Records supplied:
◇ ◇ ◇
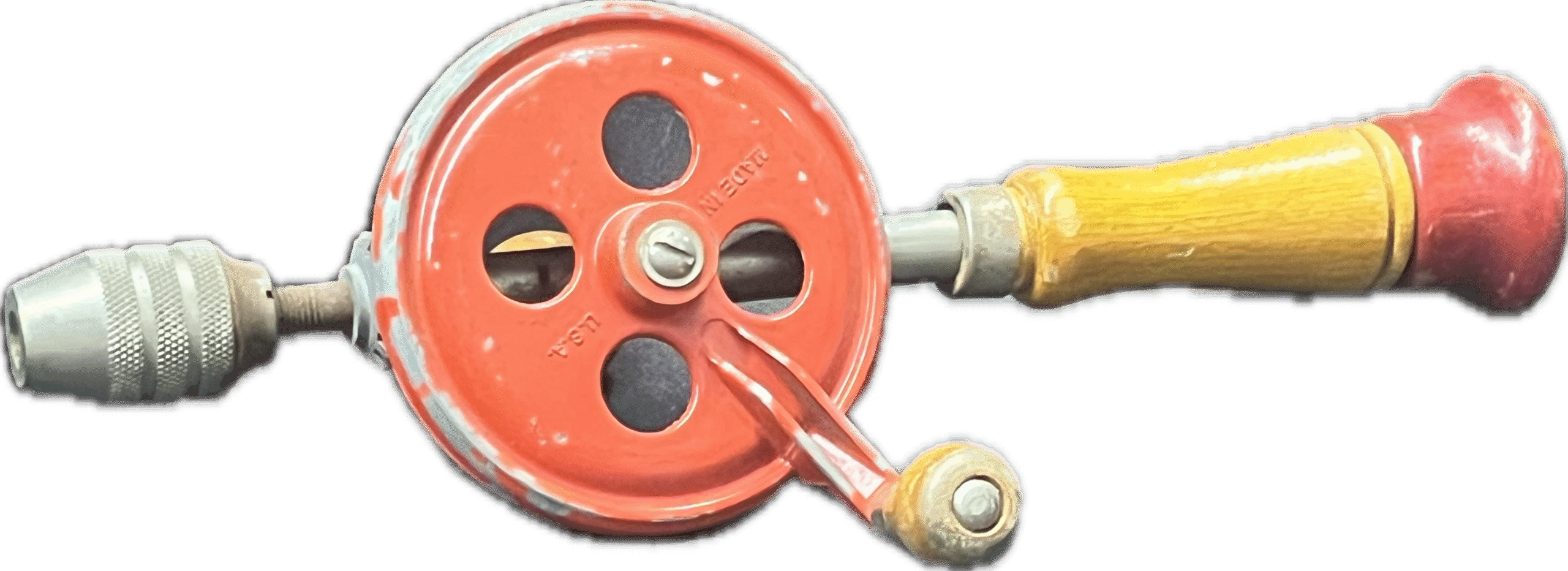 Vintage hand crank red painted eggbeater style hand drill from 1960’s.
◇ ◇ ◇
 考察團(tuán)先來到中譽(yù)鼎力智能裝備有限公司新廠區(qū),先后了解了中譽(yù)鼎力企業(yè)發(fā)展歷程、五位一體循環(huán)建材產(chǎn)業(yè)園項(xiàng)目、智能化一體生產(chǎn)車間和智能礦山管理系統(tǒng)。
◇ ◇ ◇
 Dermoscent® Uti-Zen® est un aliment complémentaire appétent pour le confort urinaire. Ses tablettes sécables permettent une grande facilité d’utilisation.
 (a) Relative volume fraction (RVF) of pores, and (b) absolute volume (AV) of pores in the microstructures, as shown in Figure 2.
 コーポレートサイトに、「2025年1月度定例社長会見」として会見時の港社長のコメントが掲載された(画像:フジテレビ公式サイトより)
◇ ◇ ◇
What you have to do:
The range runs from the line above containing "(a) Relative volume" to the line containing "コーポレートサイトに、「20", inclusive. Restate those lines word for word and no others.

Exercise result:
 (a) Relative volume fraction (RVF) of pores, and (b) absolute volume (AV) of pores in the microstructures, as shown in Figure 2.
 コーポレートサイトに、「2025年1月度定例社長会見」として会見時の港社長のコメントが掲載された(画像:フジテレビ公式サイトより)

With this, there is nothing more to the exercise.